* **Dataset content**
--------

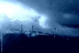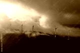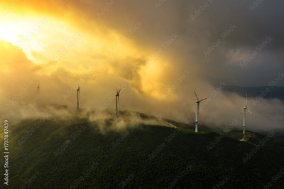 Wind turbines generating renewable energy on a mountain ridge shrouded in fog against spectacular golden sunrise sky
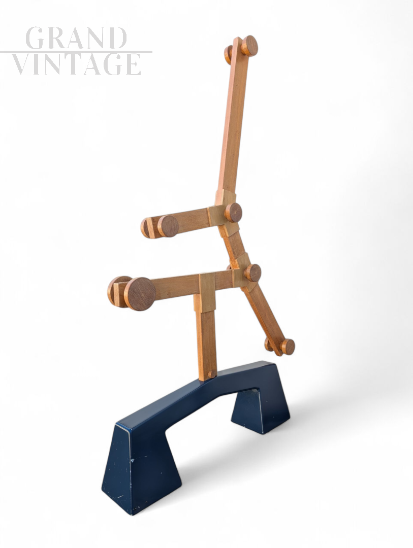 La Base: Realizzata in legno massiccio, è scolpita in una forma geometrica a portale, verniciata in un profondo blu scuro. Questa base solida e angolare contrasta nettamente con la leggerezza della struttura superiore, garantendo al contempo una stabilità impeccabile.
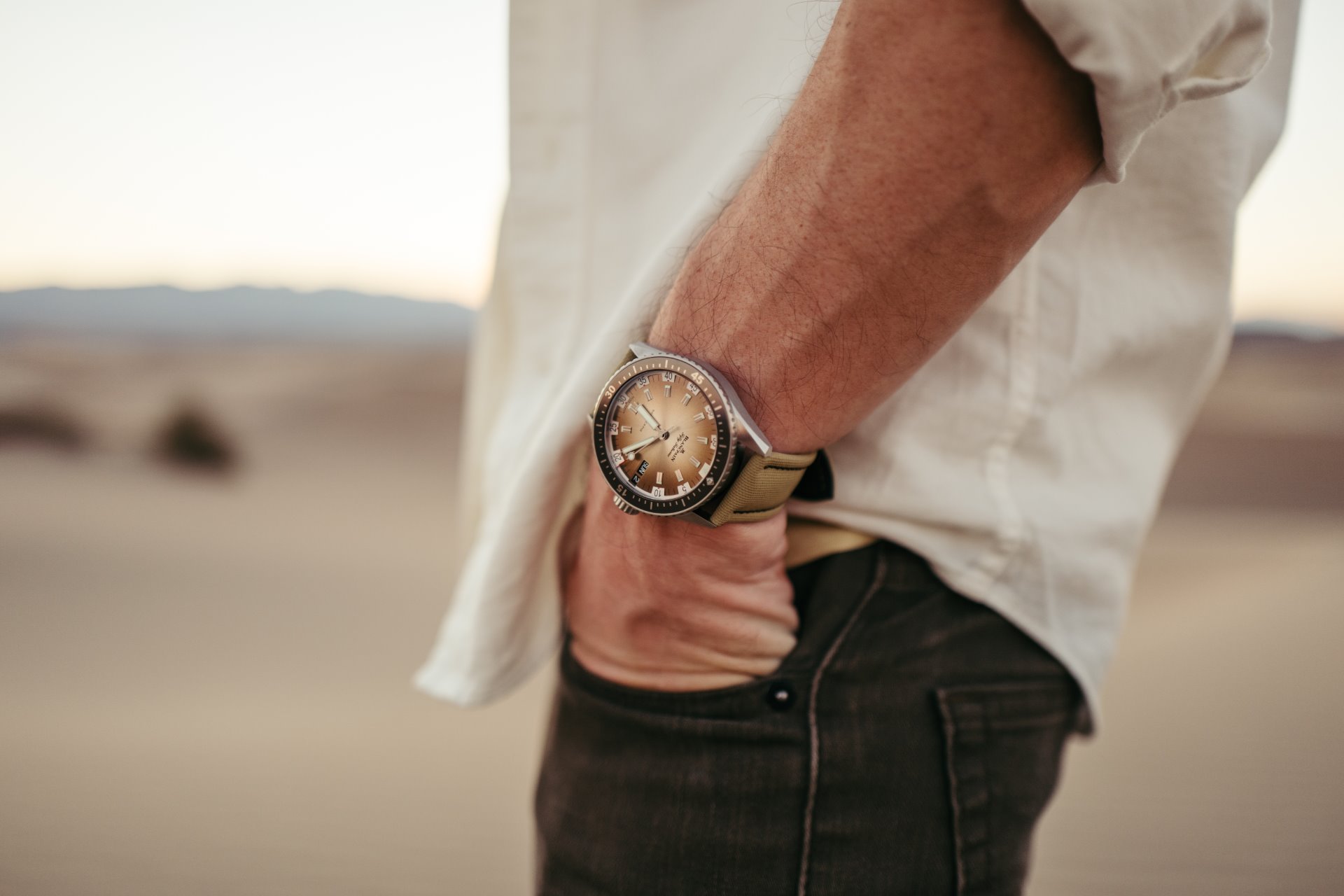 Blancpain presents a new version of the Fifty Fathoms Bathyscaphe Day Date watch – the Blancpain Fifty Fathoms Bathyscaphe Day Date Desert Edition. This 500-piece limited-edition model inspired by a Blancpain diver’s watch from the 1970s is characterised by a gradient-coloured sandy beige dial featuring a sunburst pattern. This nuance evokes the desert, and more specifically Death Valley in the United States, where Ernest H. Brooks II, a pioneer of underwater photography and contributor to the Edition Fifty Fathoms project, made a spectacular dive in 1962.
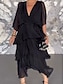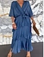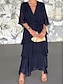 Жен. Платье средней длины Повседневное платье Шифон Шифоновые платья Элегантный стиль Мода Современное на открытом воздухе Отпуск На выход Стандартный Полотняное плетение Рукав до локтя V

--------

* **Exercise prompt**
Output the data above exactly, beginning at its first line and ending with the line that holds "La Base: Realizzata". Leave out the pictures and add nothing.

* **Problem solution**
 Wind turbines generating renewable energy on a mountain ridge shrouded in fog against spectacular golden sunrise sky
 La Base: Realizzata in legno massiccio, è scolpita in una forma geometrica a portale, verniciata in un profondo blu scuro. Questa base solida e angolare contrasta nettamente con la leggerezza della struttura superiore, garantendo al contempo una stabilità impeccabile.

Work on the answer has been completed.